Fernando: Owen is correct, the type of abuse you’re hypothesizing has not, in fact, occurred, in 32 years of IXPs. 

Since you’re the one proposing to impose a cost on everyone else, the burden falls on you to prove that is solves an actual problem, not on Owen to prove that it does not. 
    
                -Bill


On Apr 22, 2024, at 7:44 AM, Fernando Frediani <[email protected]> wrote:



It seems you kind of disregards the basics of IP assignment and mix up things and what they were made for and thought for. It is not because something looks convenient, that is something right. When conveniences prevail over the main point we start to miss the discussion propose. What you are saying below looks more a personal preference if you were in charge of an IX to make it develop than what is the main point of the discussion how resources from a special pool should be treated.
IXPs are not Broadband Services Providers nor RIRs and are not meant to distribute IP space to anyone. IXPs need the IPs to build its core services in order to interconnect ASNs locally. Organizations connecting to an IXP have the ability to go directly to the RIR and get resources from there through different ways and that's how it should continue.

Fernando

On 22/04/2024 00:06, Owen DeLong wrote:
A small probability of abuse is generally not seen as a reason to deny legitimate users.

I think we can generally count on IXPs not to distribute large portions of their resources to cache providers that do not bring significant value to the users of the IX with those resources. To the best of my knowledge, there is no problem of abuse to date. As such, I think your concern here has about as much credibility as those crying about election fraud in the US.

Owen


On Apr 18, 2024, at 22:31, Fernando Frediani <[email protected]> wrote:

By doing this it creates a short path to some specific type of Internet companies over the others to have access to scarce resources via someone else's right (the IX) to request those addresses for the minimum necessary to setup an IX, not to 'give a hand' to third parties. It would start to distort the purpose of the pool.
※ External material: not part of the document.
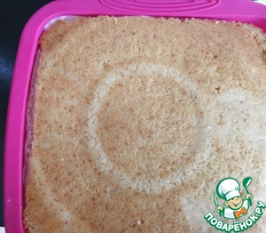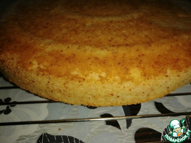 Противень застелить пергаментом, поставить выпекаться в разогретую до 165 градусов на 30-40 минут до сухой зубочистки. Приоткрыть духовку на 10 минут после выпекания и отключения духовки, затем извлечь бисквит из духовки и положить на сетку до полного остывания (снять пергамент и освободить от формы)

Content providers members are members like any other connected to that IX. Why make them special to use these resources if other members (e.g: Broadband Internet Service Providers) connected to that same IX cannot have the same privilege ?
They and any other IX member, regardless of their business, can get their own allocations with their own resources.

Fernando

On 19/04/2024 02:13, Owen DeLong wrote:
I think that if it’s a cache that is serving the IX (i.e. the IX member networks) over the IX peering VLAN, that’s perfectly valid.

Owen


On Apr 18, 2024, at 20:35, Fernando Frediani <[email protected]> wrote:

On 18/04/2024 21:34, Matt Peterson wrote:
<clip>

If the policy needs revision (John's comments did not provide enough of a background story - it's unclear if this a yet another IPv4 land grab approach, and/or IXP's evolving into hosting content caches, and/or the historical industry acceptable usage that Ryan shares), maybe consider micro-allocations for IXP usage as unannounced prefixes and for routed prefixes, an IXP applies under NRPM 4.3 (end user assignments).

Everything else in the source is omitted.